Another great read if you're interested in home brew RAID or using parity is Plank's paper "Tutorial on Reed-Solomon Coding for Fault-Tolerance in RAID-like Systems". [1]

I found that gem reading Adam's blog on implementing triple parity RAID in ZFS. [2]

[1] - http://citeseerx.ist.psu.edu/viewdoc/download?doi=10.1.1.103...

[2] - https://blogs.oracle.com/ahl/entry/triple_parity_raid_z

klauspost · on June 23, 2015

Very nice work, and thanks for releasing under MIT.

Cheers. The hard work goes to BB, their initial library, though :)

Interesting that Backblaze decided to go with 17+3 configuration.

Yeah. It seems they don't go for any RAID within a storage pod, but instead uses raw ext4, and distributes shards across pods instead of hard drives in a single pod. [1]

This would of course mean that a single pod isn't loaded when a drive is replaced, but it is distributed across 17 other pods.

[1] https://www.backblaze.com/blog/vault-cloud-storage-architect...

haikubrian · on June 23, 2015

(BrianB from Backblaze here)

Yes, that's right. When a drive is replaced, its contents are rebuilt from the data on the 19 corresponding drives in the other 19 pods in the vault.

signa11 · on June 23, 2015

the article contains an excellent introduction to "Galois Field Arithmetic" available via the following: http://www.snia.org/sites/default/files2/SDC2013/presentatio....

there is linux-kernel article by hpa: https://www.kernel.org/pub/linux/kernel/people/hpa/raid6.pdf

zaroth · on June 23, 2015

Great links, thanks!

At the end of the presentation, they mention rotated reed-soloman array codes, which led me to another paper Plank worked on: "Rethinking Erasure Codes for Cloud File Systems: Minimizing I/O for Recovery and Degraded Reads" which was very interesting as well.
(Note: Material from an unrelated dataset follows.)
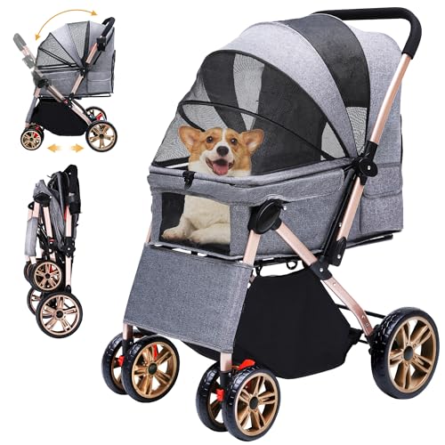 DWVO Hundvagn 3-i-1 hundbur, transportväska, vikbar kattvagn upp till 22 kg, 360° slitstarka EVA-hjul, förvaringskorg, nätfönster, 58,5 x 76 x 105 cm, hundvagn för hundar (grå)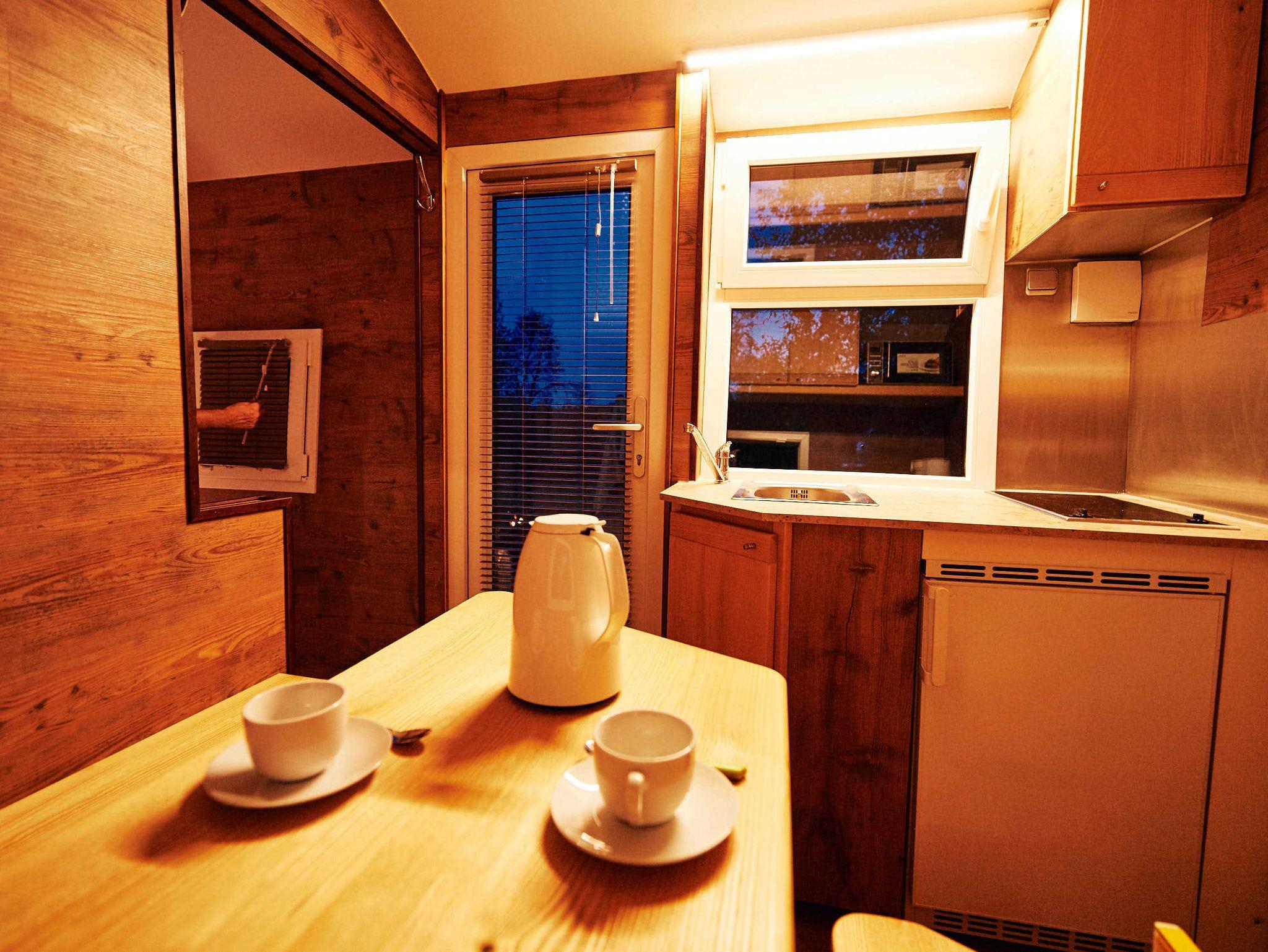 ausgestattete Küchenzeile mit Kühlschrank, Kochfeld, Wasserkocher und

They directly address the problem of read performance in a degraded state.

http://www.cs.jhu.edu/~okhan/fast12.pdf

zzzcpan · on June 23, 2015

I wonder why Rabin's IDA ("Efficient Dispersal of Information for Security, Load Balancing, and Fault Tolerance") is not mentioned anywhere

http://web.archive.org/web/20070221140752/http://discovery.c...

creshal · on June 23, 2015

I was under the assumption that R-S has been replaced with turbocodes in most use cases. Why not use those? Patent issues?

DanWaterworth · on June 23, 2015

I believe the difference is that in this case, RS is being used as an erasure code (which means, you either have the data or you don't; the drive has either failed or it hasn't). Failures are (approximately) uncorrelated (assuming different parts are stored on different hosts), so for this use case, RS approaches optimal in terms of storage used (some metadata needs to be stored, which is overhead).

raverbashing · on June 23, 2015

Not for this use case, no.

Turbocodes are more CPU heavy as well (also require FP math or some workarounds)

For just detecting and correcting bit errors in blocks of data, RS is fine. Now if you're getting data from the other side of the solar system Turbocodes are worth it.

walrus · on June 23, 2015

For short block lengths, R-S codes and turbo codes have similar performance (but turbo codes are harder to design). I think the patents on turbo codes have expired.

rakoo · on June 23, 2015

Quick question about the API: why separate the Split phase and the Encode phase ?

In other words, are there any scenarios where one would want to Split data but not Encode it, or where data is automatically split and all that is left to do is to Encode ?

0xdeadbeefbabe · on June 23, 2015

On a somewhat related note, what is the meaning of 6a and 6c? I suppose 6g is the go compiler and 6l is the linker. Is 6a an assembler and 6c a c compiler?

atYevP · on June 23, 2015

Yev from Backblaze here -> Nice work!